Plenty of Chinese ones in subs like /r/China_irl etc., not seeing much traction of this story/dataset in Western world, though (hell, even on HN it barely got any upvotes 2 days ago.)
Take these threads with giant grain of salt though, they're far from thorough and some of them lack basic understanding of statistics. And I personally don't think the dataset (at least the sample) is actually random so not really a good representation of China's demographics.
Kinda interesting that The Register does not even speculate about steps which China's higher-level security services might take in response, to "memorably demonstrate their displeasure" at the theft. (A certain cynical attitude is usually part of The Register's stock-in-trade.)
Governments have been collecting (and poorly securing) this sort of information and more for most of recorded history. It's not to say that I like it, or would work for somewhere like Meta or the like, but plenty of these major data leaks have been from places that used to collect and store physical data bases of this stuff since before most of us were alive.
I'm talking calmly about this because people have been screaming in my ear about it for 20 years, and I listened.

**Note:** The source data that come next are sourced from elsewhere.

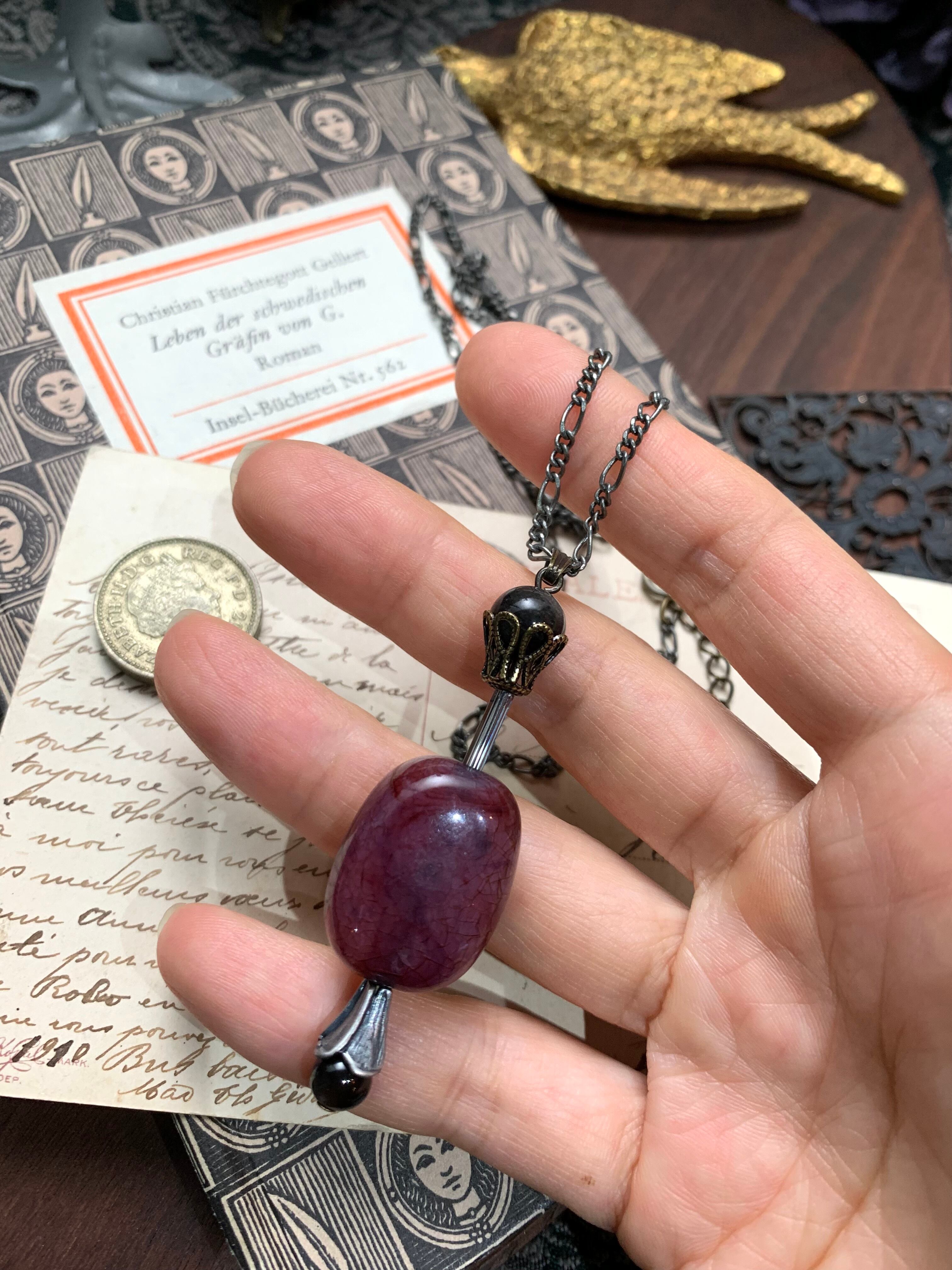 ほんのり透明感のある赤紫のヴィンテージビーズをメインに、ペンダントトップをデザインしました。
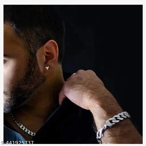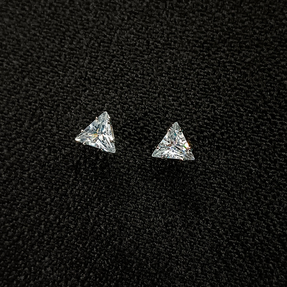 Add a bold touch of brilliance to your collection with this exquisite trillion-cut stud earring. Crafted with a dazzling high-grade cubic zirconia stone in a rare triangular cut, this piece is securely set in polished sterling silver. Its sharp lines and exceptional sparkle create a statement look, perfect for both everyday glam and special occasions. Hypoallergenic and durable, this earring is where modern geometry meets timeless elegance.
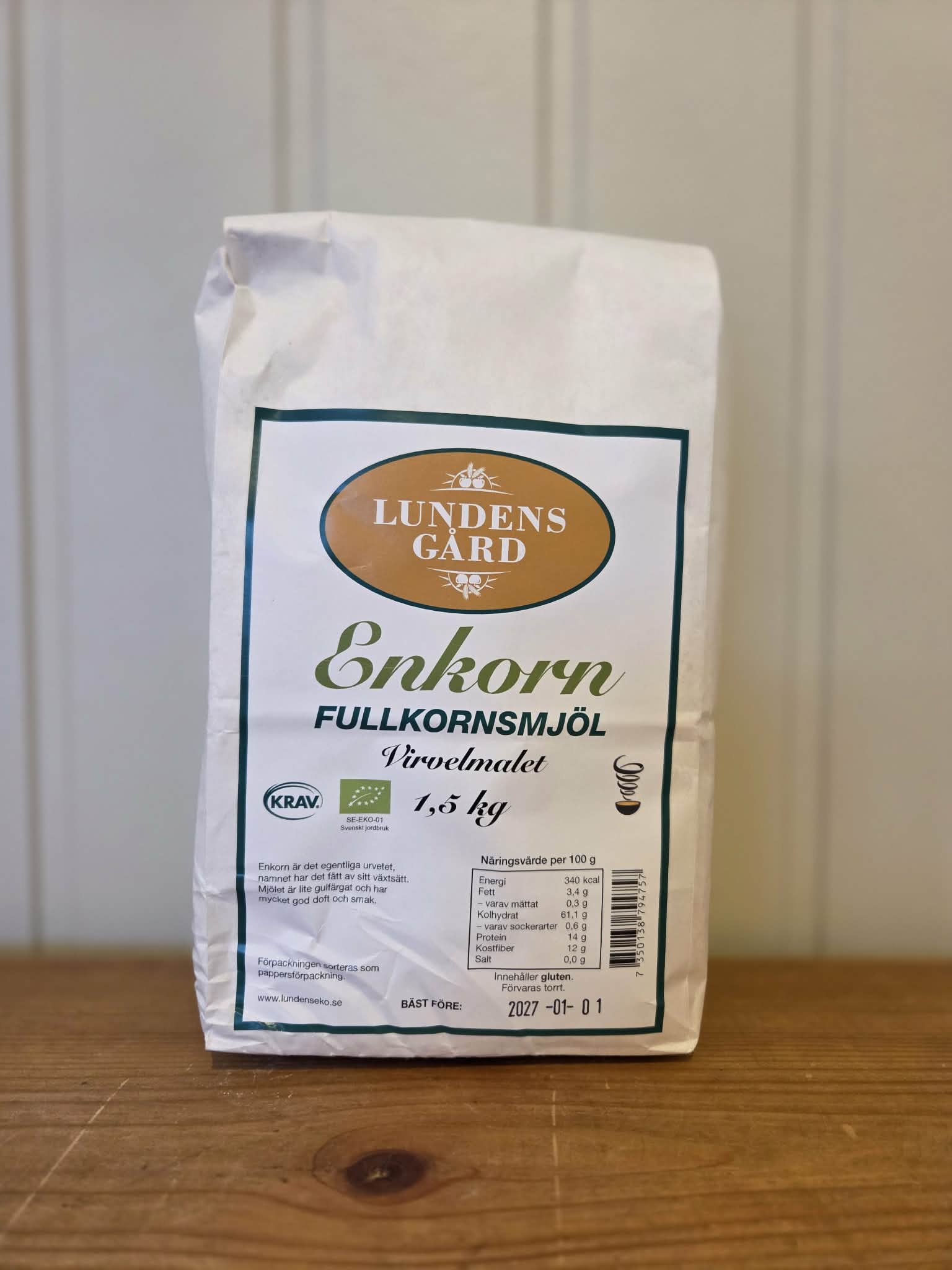 Smakrikt och otroligt gott, finmalet fullkornsmjöl från sädeslaget Enkorn som tillhör vete.

And then I lived my life around the fact that this was going to be happening whether you scream yourself hoarse or not, at least for now.
For anyone wondering what that is, English uses short-scale, i.e. 1 billion = 1000 million, some other languages / countries use long-scale i.e. 1 billion = 1 million million.
It was a joke. But it made me realize, thanks to the comment above, that Earth's population is around 8 thousand millions, and not 8 billion as I'd come to believe.
I am guessing he means that it highlights the incompetence or even just the consequences of centralizing power.
Personally I don't expect this to bear true. Historically in China, government failures have been cited as evidence for further centralizing the power of the federal government. And this argument is bought hook-line-and-sinker by the people. I don't think that will change until there is serious economic hardship.
This is completely unverified though, so take it with a grain of salt.